I first visited Berlin a few years ago, and, like so many people, I was struck by how many people pass through the city, attracted by its aura of easy-going coolness. Some are tourists, some are artists,some are backpackers who appreciate the low cost of living, some are academics…Berlin is like a nodal point in the flows of people in and around Europe: most people, at some point, travel to Berlin and fall in love with something about the city.
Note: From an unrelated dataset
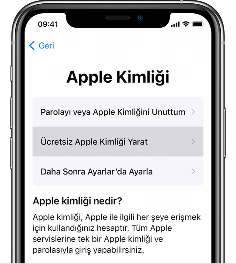 App Store’da yada aygıt ayarlarınızda yeni bir Apple Kimliği oluşturabilirsiniz.

Like so many, after i visited, I wanted to return, and did so this month. I was struck all over again by Berlin’s coolness and relaxed creativity, but I also thought that something had changed. There is now a more noticeable sense of tension in relation to the many visitors who flow in and out of Berlin. This manifests in various ways. Local residents told me that there is a lot of tension in gentrifying areas, where bars and backpacker hostels have opened up, with residents repeatedly calling the police to complain about noise. Individuals running the various walking tours around Berlin neighbourhoods report that locals often make angry or aggressive comments as they pass by (and this happened to the ‘street art walking tour’ that I went on, as we walked through Kreuzberg). Visitors, whether tourists or outside investors snapping up cheap property, are seen as key contributors to the gentrification process, which results in rents going up for locals and communities either fragmenting or being displaced. there is perhaps a little less warmth towards visitors in some areas than there might have been a few years ago, especially in those areas where gentrification is actively underway.

There’s lots more to say in relation to the complexities of what’s happening in Berlin, but it’s interesting here to look at the various visual traces of the tensions around ambivalence (or sometimes even antagonism) towards those who visit Berlin.
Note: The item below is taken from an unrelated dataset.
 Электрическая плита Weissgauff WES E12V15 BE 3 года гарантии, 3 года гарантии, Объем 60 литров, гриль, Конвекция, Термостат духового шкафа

Here’s a tour group, being introduced to the enormous Victor Ash mural in Kreuzberg. The guide was earnestly explaining to the tourists that having this mural on the building will increase the building’s value.

tour

All around Berlin, you can find these stickers, revisions of the ‘I heart Berlin’ (or New York or London or wherever) tourist cliché. They read ‘Berlin Doesn’t Love You’. These ones are located right next to the Victor Ash mural, a site at which almost every walking tour will visit.

doesnt

Another sign of the ways tourists make problematic incursions into the city: property investors buy up all or most of the apartments in a building and rent them to tourists/ short-term visitors. The names of individuals next to entry bells disappear; instead all you can see here are the agency codes for each apartment. Previous residents will have been bought out; any community within the building has been destroyed.

flats

And here’s a beautiful building in Kreuzberg: the one with ‘DACH’ rollered onto its roof (which is funny because ‘dach’ means ‘roof’ in German. It is dilapidated and empty right now but has been bought by a foreign investor and will be turned into a boutique hotel:

hotel

As part of the investor’s control of the space, the facade is now rented to approved advertisers, whose ads are taped on to the outer hoardings, with tape proclaiming that unauthorised additions will lead to prosecution. Sigh.

reclaim

At the same time, of course, since spaces can never be entirely tied down in the way the company obviously hope, various individuals have added tags and other ‘unauthorised’ images. You can see a pasted-up poster that speaks of ‘reclaiming our city’ and you can see a lot of these political posters, protest slogans and anti-gentrification graffiti around the city. So, like all cities, Berlin is in flux, undergoing change. But the ways in which it is resisting and contesting those changes are writ large on the surfaces of the city.

1 comment so far

  1. Fitzroy Flasher on

    Great piece, it’s an interesting first hand account as from the outside there is so much heat and hype about Berlin, and I suppose that’s exactly what happens, a place with an edge gets usurped by those that can afford to vie of it. Do you remember the Gentry Fuct stencils that went around Fitzroy about, damn almost a decade ago? Anyway food for thought, thanks, and I can’t wait for more ‘unauthorised’ response. It really is not dissimilar to the swing of politics, this pull towards popularity and against gentrification, the only difference is once the Gentry have swung in, I don’t think you ever see a swing back?